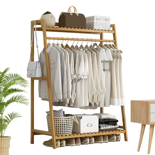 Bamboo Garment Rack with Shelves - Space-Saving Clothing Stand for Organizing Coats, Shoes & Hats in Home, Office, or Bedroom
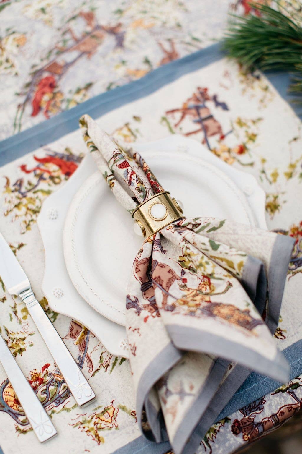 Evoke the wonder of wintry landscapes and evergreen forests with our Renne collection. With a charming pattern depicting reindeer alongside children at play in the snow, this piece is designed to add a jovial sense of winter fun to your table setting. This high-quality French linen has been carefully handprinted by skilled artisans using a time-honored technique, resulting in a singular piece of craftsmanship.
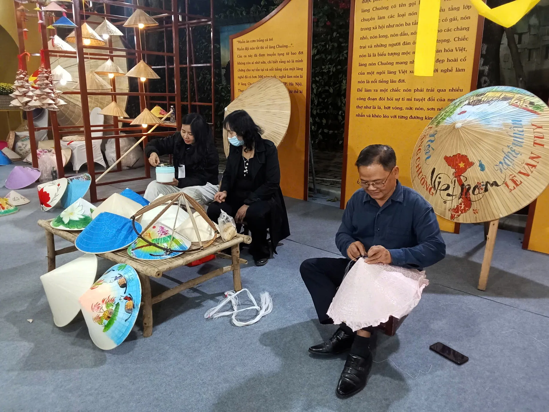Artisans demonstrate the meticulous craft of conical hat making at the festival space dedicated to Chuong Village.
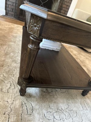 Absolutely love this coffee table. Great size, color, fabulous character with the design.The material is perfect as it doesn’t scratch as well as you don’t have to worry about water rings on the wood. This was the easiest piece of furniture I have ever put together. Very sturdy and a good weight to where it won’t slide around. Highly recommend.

= Task requirements =
Everything in the listing must be restated word for word, except for the pictures.

= Result of the exercise =
 Bamboo Garment Rack with Shelves - Space-Saving Clothing Stand for Organizing Coats, Shoes & Hats in Home, Office, or Bedroom
 Evoke the wonder of wintry landscapes and evergreen forests with our Renne collection. With a charming pattern depicting reindeer alongside children at play in the snow, this piece is designed to add a jovial sense of winter fun to your table setting. This high-quality French linen has been carefully handprinted by skilled artisans using a time-honored technique, resulting in a singular piece of craftsmanship.
Artisans demonstrate the meticulous craft of conical hat making at the festival space dedicated to Chuong Village.
 Absolutely love this coffee table. Great size, color, fabulous character with the design.The material is perfect as it doesn’t scratch as well as you don’t have to worry about water rings on the wood. This was the easiest piece of furniture I have ever put together. Very sturdy and a good weight to where it won’t slide around. Highly recommend.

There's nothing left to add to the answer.